[Task statement]: The lines below, from the one containing "Klarheit. € 33.- |" through the one containing "Stupell Farm Nature", should be set down exactly, with no pictures and nothing else.

[Supplied entries]:

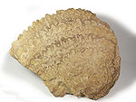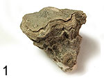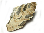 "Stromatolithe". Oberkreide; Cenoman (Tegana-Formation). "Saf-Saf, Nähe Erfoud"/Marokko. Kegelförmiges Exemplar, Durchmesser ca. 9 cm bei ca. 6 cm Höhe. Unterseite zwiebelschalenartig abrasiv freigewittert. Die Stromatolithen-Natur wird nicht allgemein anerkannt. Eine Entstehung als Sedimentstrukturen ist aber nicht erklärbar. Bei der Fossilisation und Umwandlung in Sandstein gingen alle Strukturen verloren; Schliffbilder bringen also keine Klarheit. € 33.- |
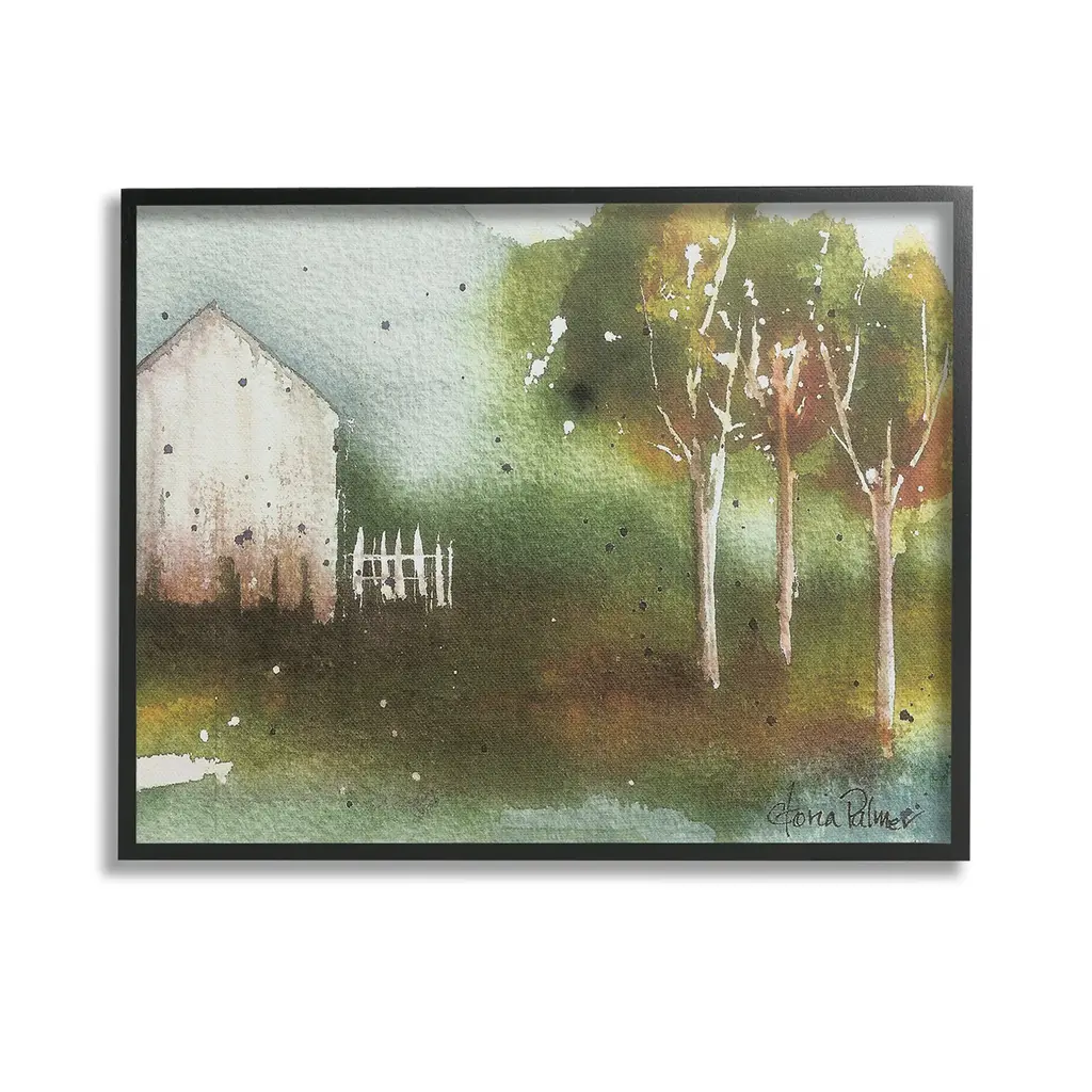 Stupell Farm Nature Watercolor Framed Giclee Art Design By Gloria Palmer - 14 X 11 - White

...

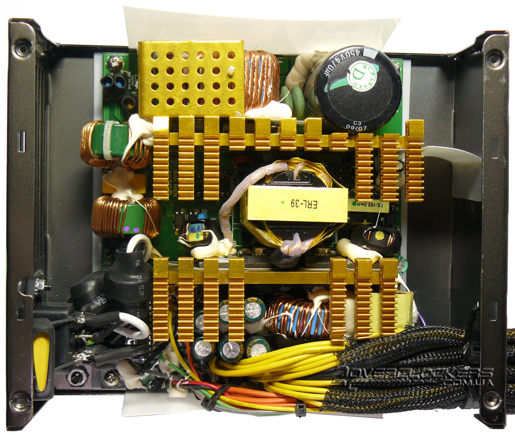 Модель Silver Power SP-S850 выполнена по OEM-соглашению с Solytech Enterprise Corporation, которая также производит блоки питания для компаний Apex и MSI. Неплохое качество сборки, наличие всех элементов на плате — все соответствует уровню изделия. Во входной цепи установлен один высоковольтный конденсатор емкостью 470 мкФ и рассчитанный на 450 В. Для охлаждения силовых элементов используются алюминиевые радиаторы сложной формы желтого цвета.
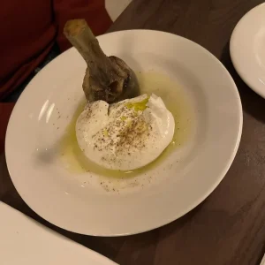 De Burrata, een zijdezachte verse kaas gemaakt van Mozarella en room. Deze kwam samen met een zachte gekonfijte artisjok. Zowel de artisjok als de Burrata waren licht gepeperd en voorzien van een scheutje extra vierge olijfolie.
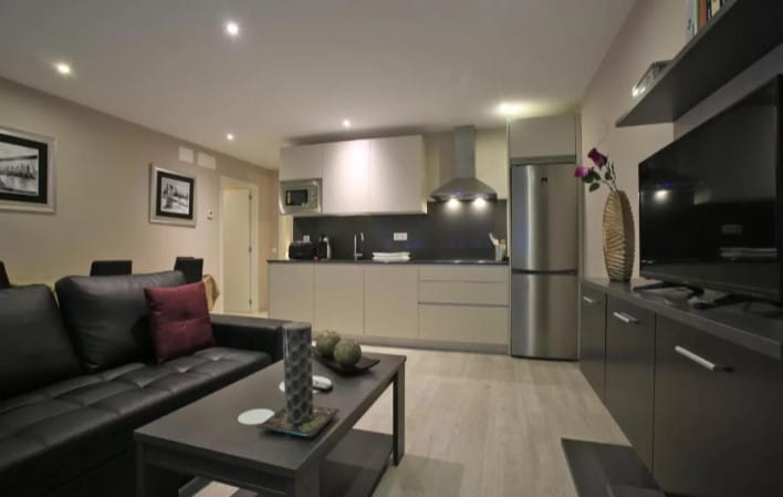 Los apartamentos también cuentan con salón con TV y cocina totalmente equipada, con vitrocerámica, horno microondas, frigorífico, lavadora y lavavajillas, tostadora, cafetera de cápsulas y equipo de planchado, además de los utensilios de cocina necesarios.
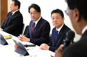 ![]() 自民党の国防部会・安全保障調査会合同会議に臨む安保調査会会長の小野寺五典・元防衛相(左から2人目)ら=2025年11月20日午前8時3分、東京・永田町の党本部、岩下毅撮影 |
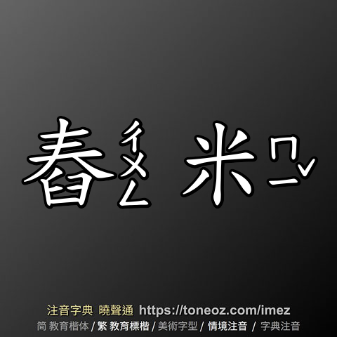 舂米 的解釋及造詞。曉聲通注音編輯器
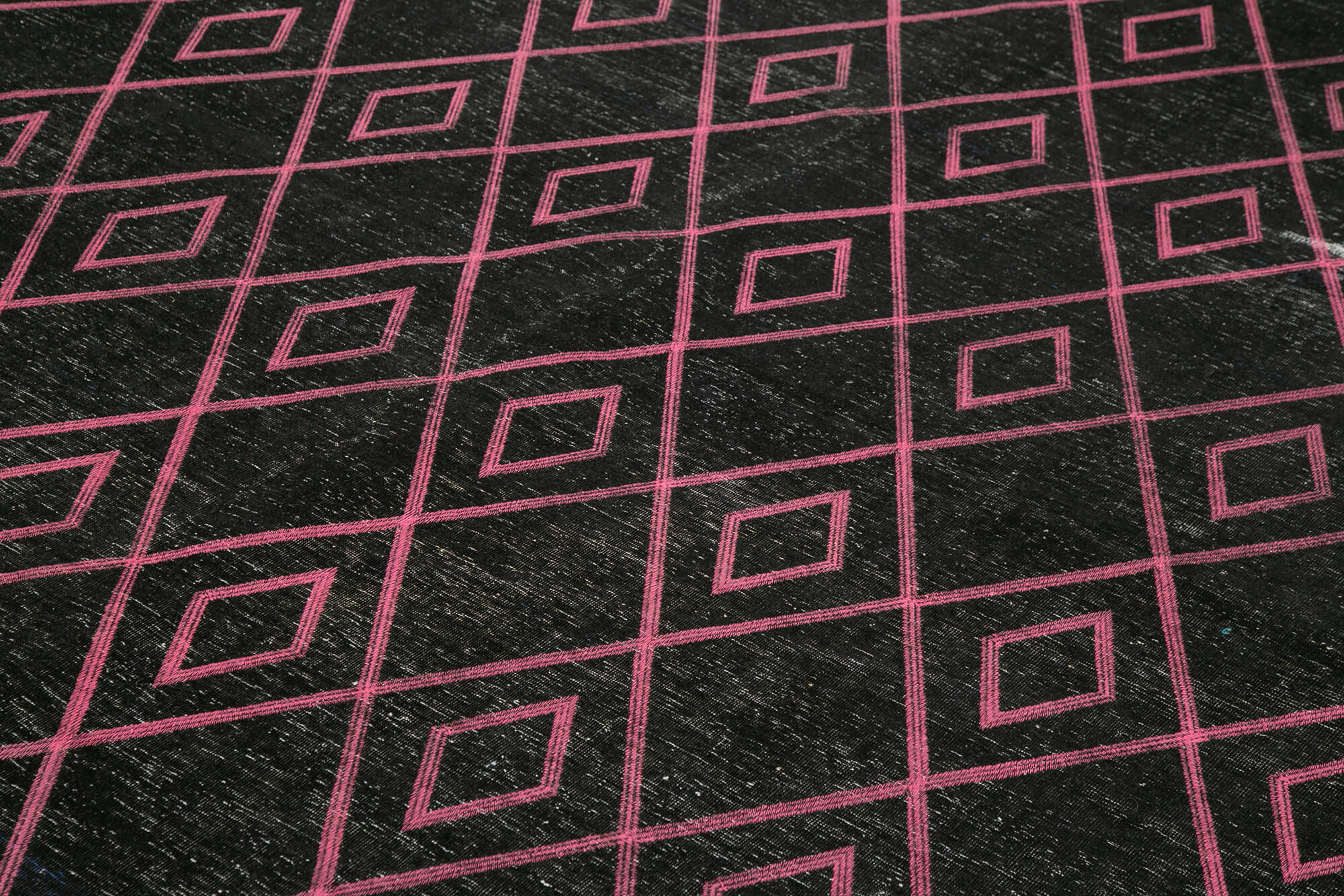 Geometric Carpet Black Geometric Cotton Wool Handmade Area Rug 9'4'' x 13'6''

...

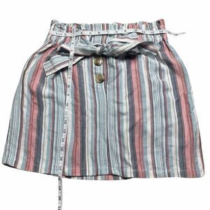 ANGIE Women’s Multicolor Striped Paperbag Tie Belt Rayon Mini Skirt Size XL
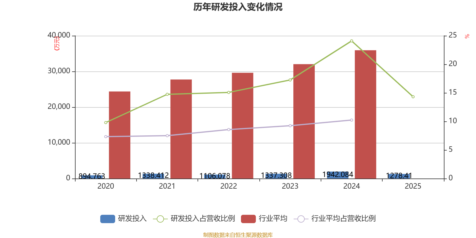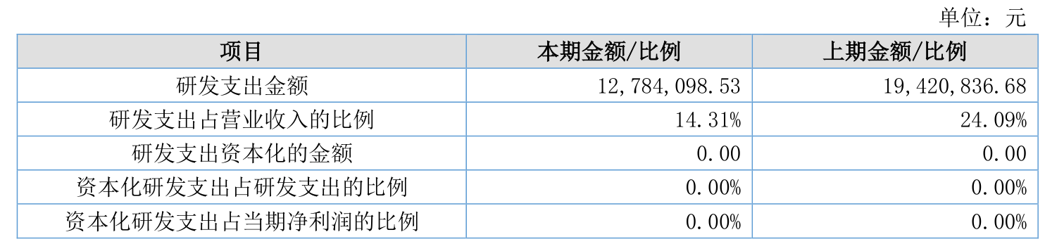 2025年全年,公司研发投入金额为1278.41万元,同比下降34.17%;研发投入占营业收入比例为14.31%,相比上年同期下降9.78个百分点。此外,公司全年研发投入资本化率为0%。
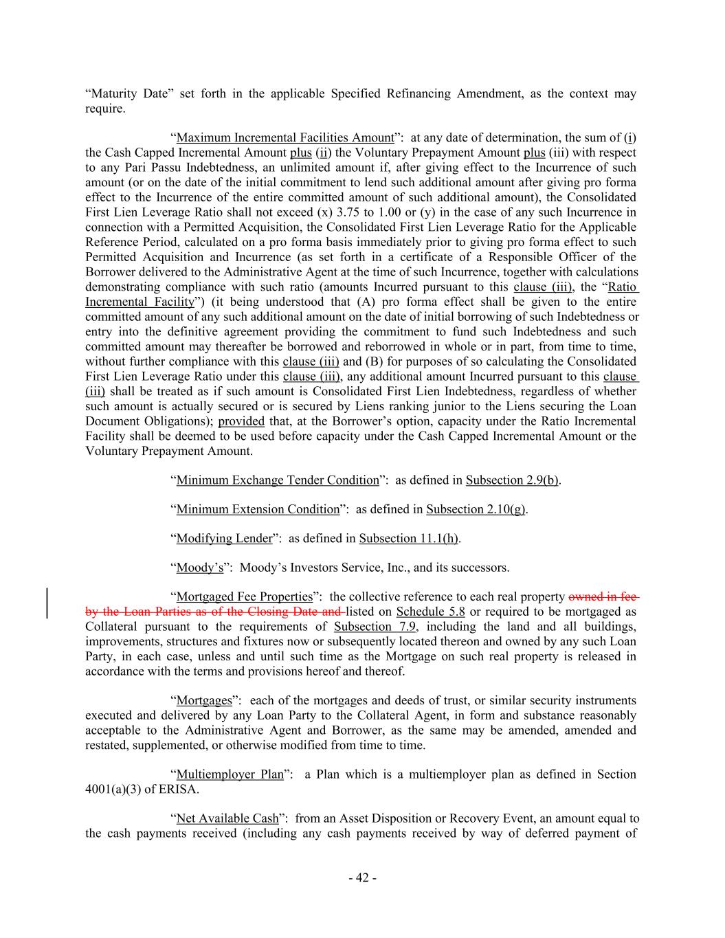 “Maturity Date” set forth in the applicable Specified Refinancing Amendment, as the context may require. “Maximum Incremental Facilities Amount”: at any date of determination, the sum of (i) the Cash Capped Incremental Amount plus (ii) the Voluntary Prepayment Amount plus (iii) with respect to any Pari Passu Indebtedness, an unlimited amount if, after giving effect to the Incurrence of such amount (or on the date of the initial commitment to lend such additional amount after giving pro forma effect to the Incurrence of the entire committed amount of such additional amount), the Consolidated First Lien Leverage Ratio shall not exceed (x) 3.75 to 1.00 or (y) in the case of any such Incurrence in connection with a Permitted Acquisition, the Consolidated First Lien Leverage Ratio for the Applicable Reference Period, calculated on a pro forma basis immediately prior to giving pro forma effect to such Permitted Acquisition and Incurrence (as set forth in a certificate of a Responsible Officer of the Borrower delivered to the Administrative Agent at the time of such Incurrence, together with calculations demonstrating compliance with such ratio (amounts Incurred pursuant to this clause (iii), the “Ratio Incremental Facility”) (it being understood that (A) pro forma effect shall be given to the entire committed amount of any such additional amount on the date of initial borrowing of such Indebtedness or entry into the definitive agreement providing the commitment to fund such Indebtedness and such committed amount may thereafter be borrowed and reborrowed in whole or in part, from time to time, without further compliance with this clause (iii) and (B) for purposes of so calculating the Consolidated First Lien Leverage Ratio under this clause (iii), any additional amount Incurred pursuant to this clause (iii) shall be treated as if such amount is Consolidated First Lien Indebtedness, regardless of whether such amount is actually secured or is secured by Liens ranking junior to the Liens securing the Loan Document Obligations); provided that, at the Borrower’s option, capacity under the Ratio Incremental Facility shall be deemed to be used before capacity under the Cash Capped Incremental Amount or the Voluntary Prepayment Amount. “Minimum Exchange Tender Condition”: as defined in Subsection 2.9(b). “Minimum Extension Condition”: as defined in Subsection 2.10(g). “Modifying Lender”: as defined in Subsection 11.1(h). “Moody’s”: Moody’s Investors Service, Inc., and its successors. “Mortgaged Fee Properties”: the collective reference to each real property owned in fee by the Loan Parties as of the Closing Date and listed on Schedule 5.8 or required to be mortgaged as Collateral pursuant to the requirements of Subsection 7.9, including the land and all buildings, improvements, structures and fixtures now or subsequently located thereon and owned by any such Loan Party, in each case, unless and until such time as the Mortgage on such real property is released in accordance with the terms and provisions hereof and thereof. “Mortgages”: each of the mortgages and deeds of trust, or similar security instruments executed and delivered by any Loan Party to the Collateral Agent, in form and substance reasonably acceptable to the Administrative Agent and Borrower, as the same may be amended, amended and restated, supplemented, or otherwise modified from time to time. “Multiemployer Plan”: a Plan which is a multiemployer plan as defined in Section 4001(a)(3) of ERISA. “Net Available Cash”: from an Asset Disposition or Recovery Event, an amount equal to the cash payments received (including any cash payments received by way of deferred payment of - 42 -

[Problem solution]:
 "Stromatolithe". Oberkreide; Cenoman (Tegana-Formation). "Saf-Saf, Nähe Erfoud"/Marokko. Kegelförmiges Exemplar, Durchmesser ca. 9 cm bei ca. 6 cm Höhe. Unterseite zwiebelschalenartig abrasiv freigewittert. Die Stromatolithen-Natur wird nicht allgemein anerkannt. Eine Entstehung als Sedimentstrukturen ist aber nicht erklärbar. Bei der Fossilisation und Umwandlung in Sandstein gingen alle Strukturen verloren; Schliffbilder bringen also keine Klarheit. € 33.- |
 Stupell Farm Nature Watercolor Framed Giclee Art Design By Gloria Palmer - 14 X 11 - White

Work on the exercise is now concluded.